» EXERCISE DESCRIPTION:
Beginning at the line that holds "Kitchen Towel with" and continuing to the last line of the data below, transcribe every line word for word, without pictures.

» DATASET CONTENT:
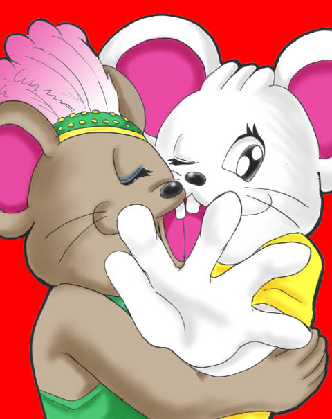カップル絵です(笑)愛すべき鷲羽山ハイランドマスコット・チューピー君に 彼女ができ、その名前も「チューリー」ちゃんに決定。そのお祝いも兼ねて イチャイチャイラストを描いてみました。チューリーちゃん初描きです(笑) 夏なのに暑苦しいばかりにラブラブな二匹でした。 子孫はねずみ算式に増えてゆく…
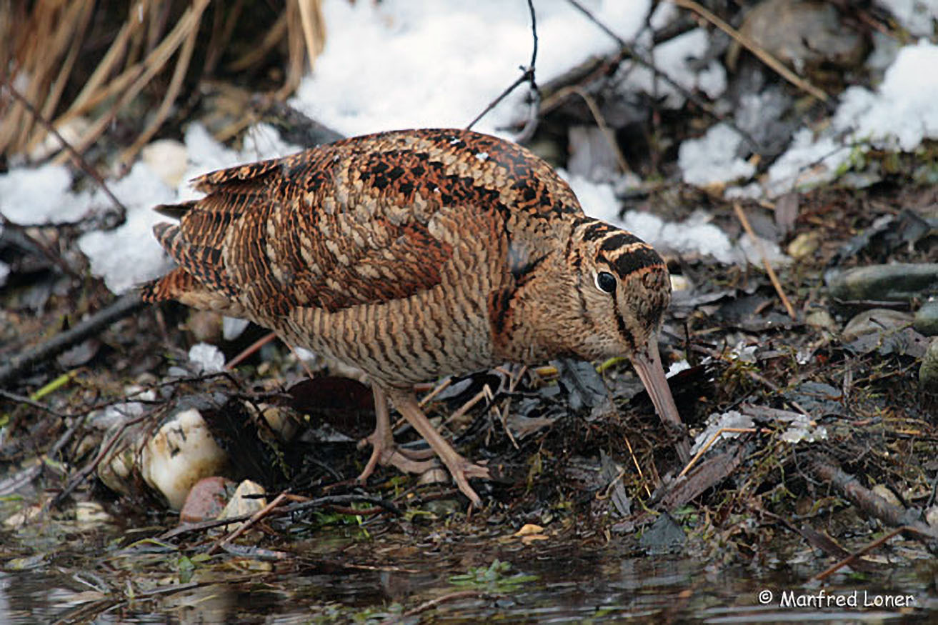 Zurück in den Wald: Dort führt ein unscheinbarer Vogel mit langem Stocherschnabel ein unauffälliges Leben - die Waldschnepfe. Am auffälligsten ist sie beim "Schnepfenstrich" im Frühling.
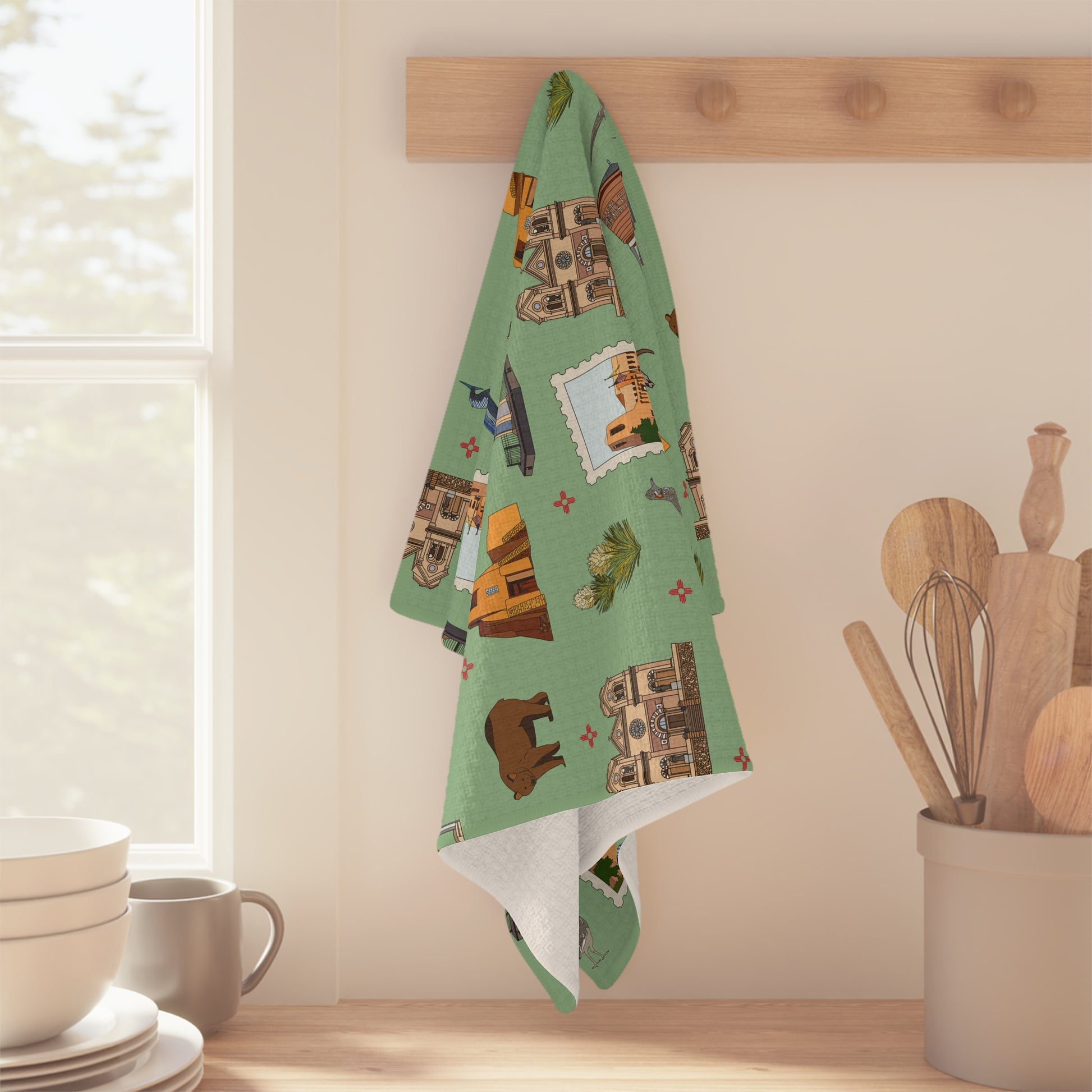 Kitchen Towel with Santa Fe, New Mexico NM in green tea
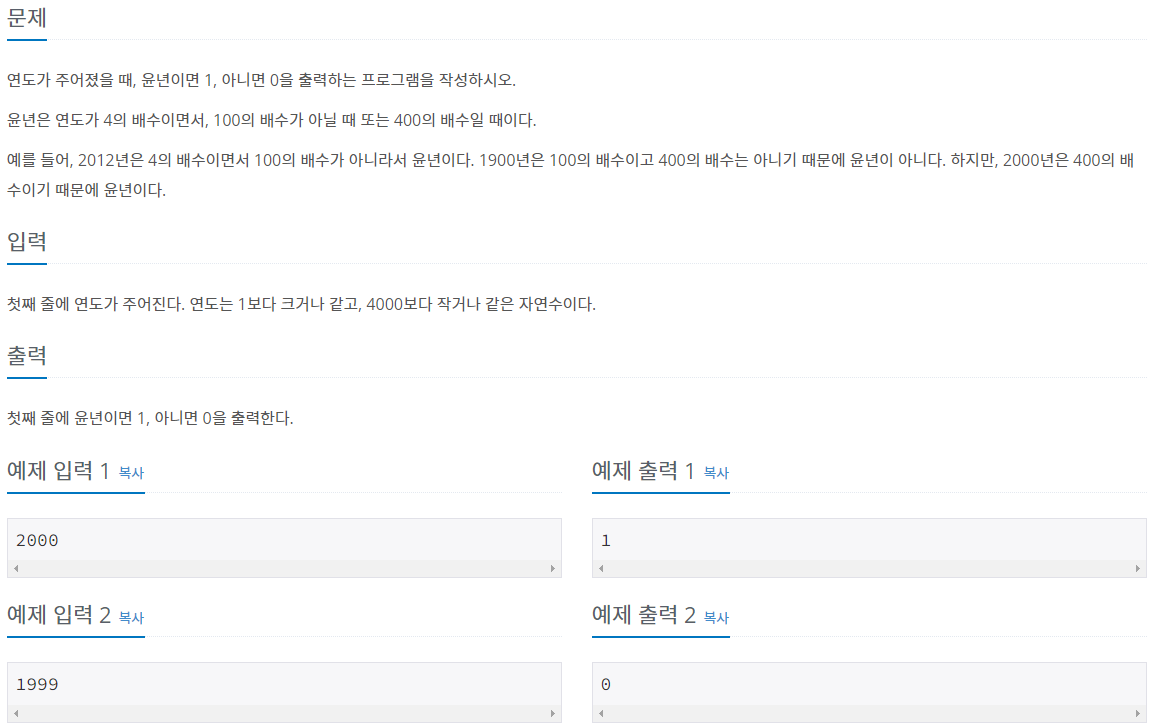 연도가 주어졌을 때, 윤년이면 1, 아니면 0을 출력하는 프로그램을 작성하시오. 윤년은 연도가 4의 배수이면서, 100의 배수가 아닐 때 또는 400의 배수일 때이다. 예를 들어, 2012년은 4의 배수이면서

» OUTPUT:
 Kitchen Towel with Santa Fe, New Mexico NM in green tea
 연도가 주어졌을 때, 윤년이면 1, 아니면 0을 출력하는 프로그램을 작성하시오. 윤년은 연도가 4의 배수이면서, 100의 배수가 아닐 때 또는 400의 배수일 때이다. 예를 들어, 2012년은 4의 배수이면서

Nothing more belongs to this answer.